• DATA SEGMENT:
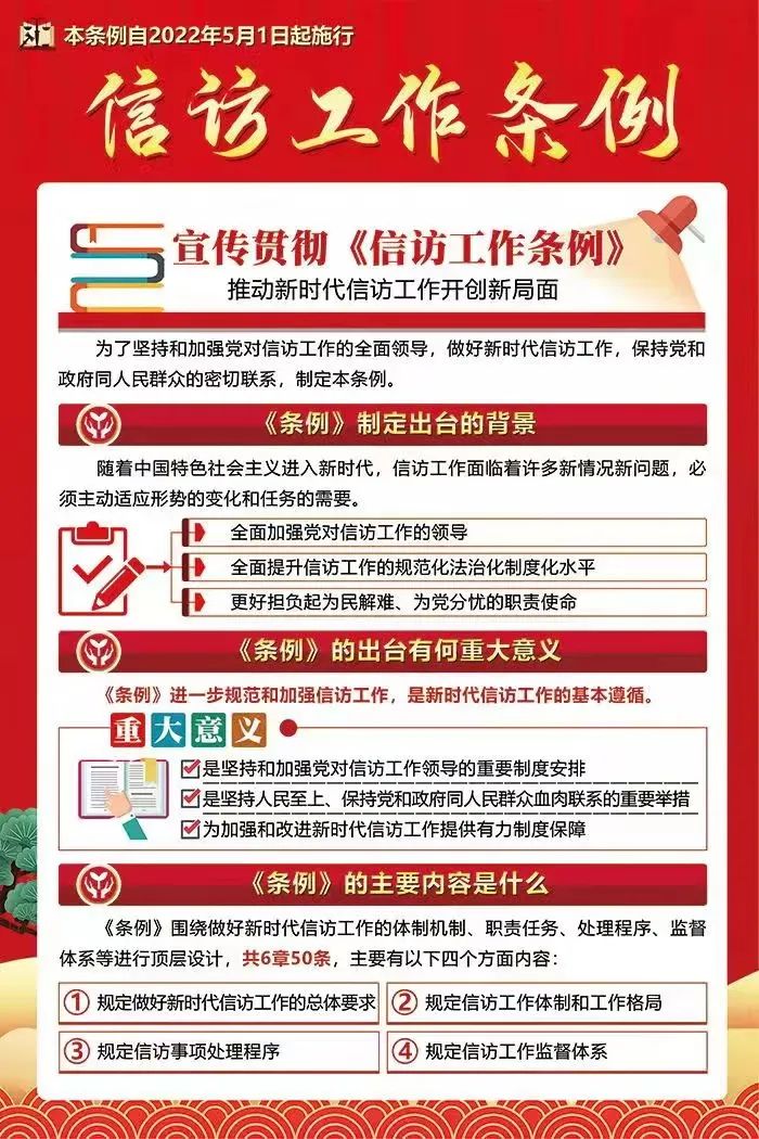 日前,中共中央、國務(wù)院印發(fā)的《信訪工作條例》全文公布,條例共6章50條,自今年5月1日起施行。條例詳盡規(guī)定了信訪工作的各環(huán)節(jié)事項(xiàng),以下亮點(diǎn)值得關(guān)注,一起來學(xué)習(xí)吧!
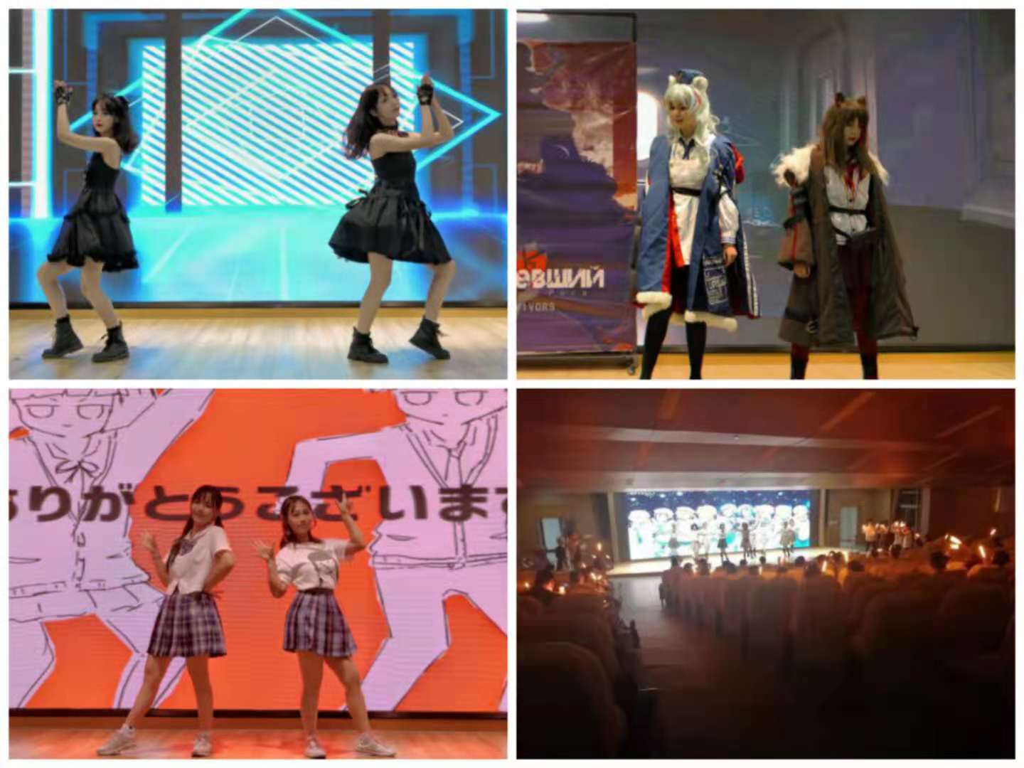 晚会由舞蹈,演唱,舞台剧,走秀等十个节目组成。开场舞蹈《随心所欲mercy》拉开了晚会的序幕,接下来的的走秀《两片面包》由our动漫事务所各部门联合完成,表演者们身着华美的服饰悉数登场,既带动了全场氛围,也将社团特色完全展现。翻唱歌曲《飞奔向你》《打上花火》均来自年轻人们耳熟能详的动画电影,歌手们毫不怯场,高超的演唱技术仿佛将大家带入色彩斑斓的动画世界。绯舞之樱动漫社的两位同学带来的舞蹈节目《太阳系disco》活力四射,给现场添加了激情与动感。小游戏与抽奖环节的短暂休息之后,主持人带着大家学习了简单的应援棒使用方法,在接下来的舞蹈《snow halation》中一齐点亮,将活动气氛推向了高潮。最后由主持人公布抽奖结果,分发奖品,活动也在欢声笑语中落下了帷幕。
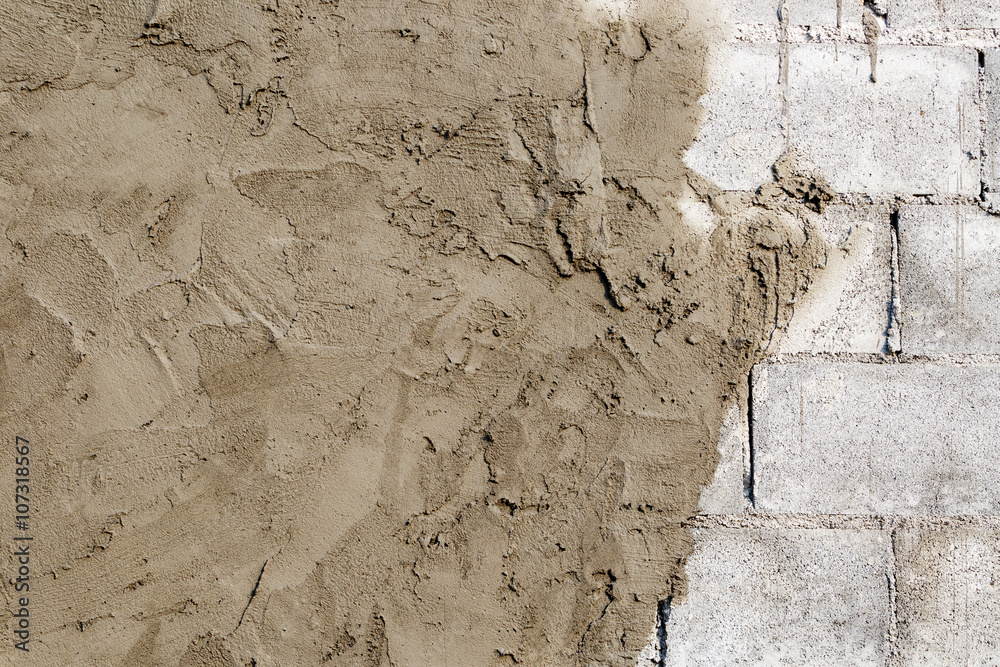 plasterer concrete worker at wall of house construction
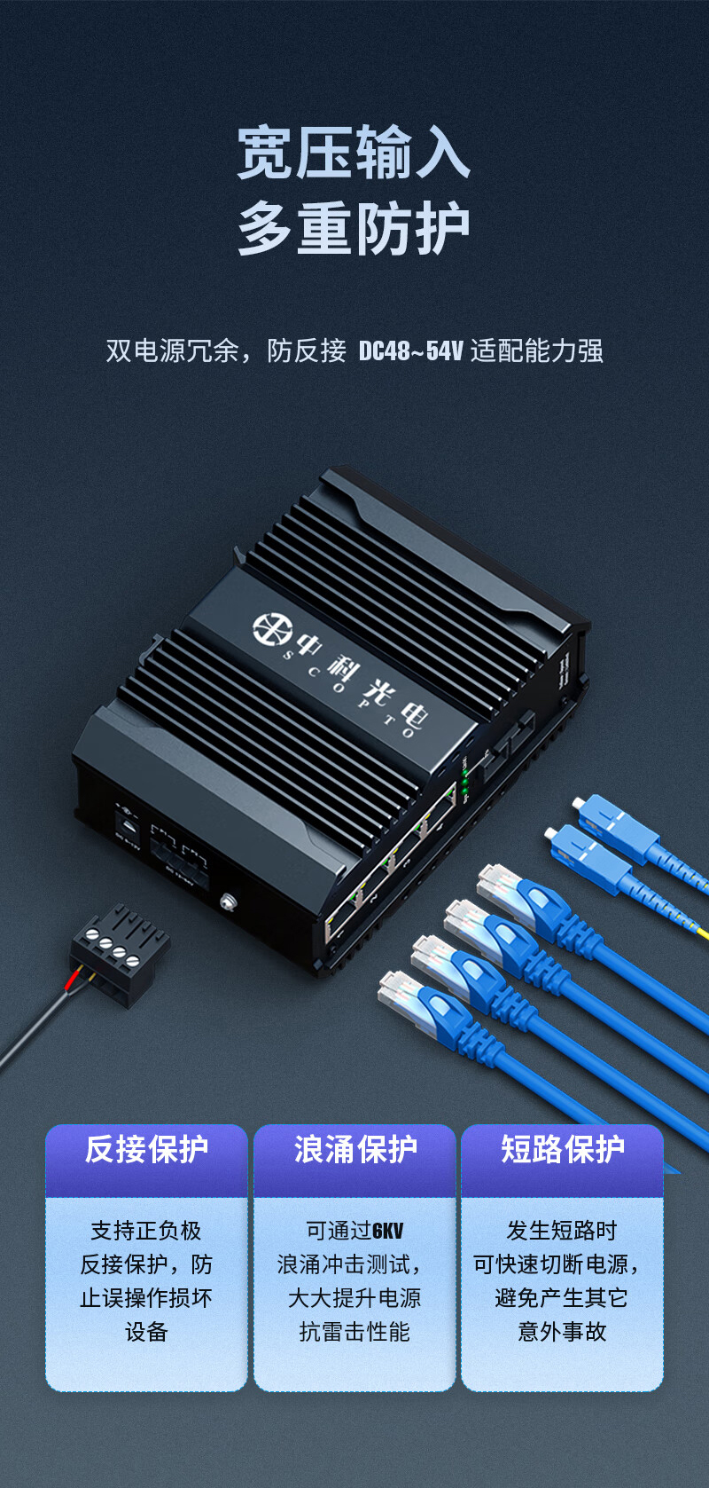 中科光電 POE工業(yè)級光纖收發(fā)器 百兆單模雙纖1光4電轉(zhuǎn)換器以太網(wǎng)交換機48V導(dǎo)軌式 SC接口

• DIRECTIONS: Everything from the line with "晚会由舞蹈,演唱,舞台剧,走" through the last line above must be repeated exactly, except the pictures.

• WRITTEN RESPONSE:
 晚会由舞蹈,演唱,舞台剧,走秀等十个节目组成。开场舞蹈《随心所欲mercy》拉开了晚会的序幕,接下来的的走秀《两片面包》由our动漫事务所各部门联合完成,表演者们身着华美的服饰悉数登场,既带动了全场氛围,也将社团特色完全展现。翻唱歌曲《飞奔向你》《打上花火》均来自年轻人们耳熟能详的动画电影,歌手们毫不怯场,高超的演唱技术仿佛将大家带入色彩斑斓的动画世界。绯舞之樱动漫社的两位同学带来的舞蹈节目《太阳系disco》活力四射,给现场添加了激情与动感。小游戏与抽奖环节的短暂休息之后,主持人带着大家学习了简单的应援棒使用方法,在接下来的舞蹈《snow halation》中一齐点亮,将活动气氛推向了高潮。最后由主持人公布抽奖结果,分发奖品,活动也在欢声笑语中落下了帷幕。
 plasterer concrete worker at wall of house construction
 中科光電 POE工業(yè)級光纖收發(fā)器 百兆單模雙纖1光4電轉(zhuǎn)換器以太網(wǎng)交換機48V導(dǎo)軌式 SC接口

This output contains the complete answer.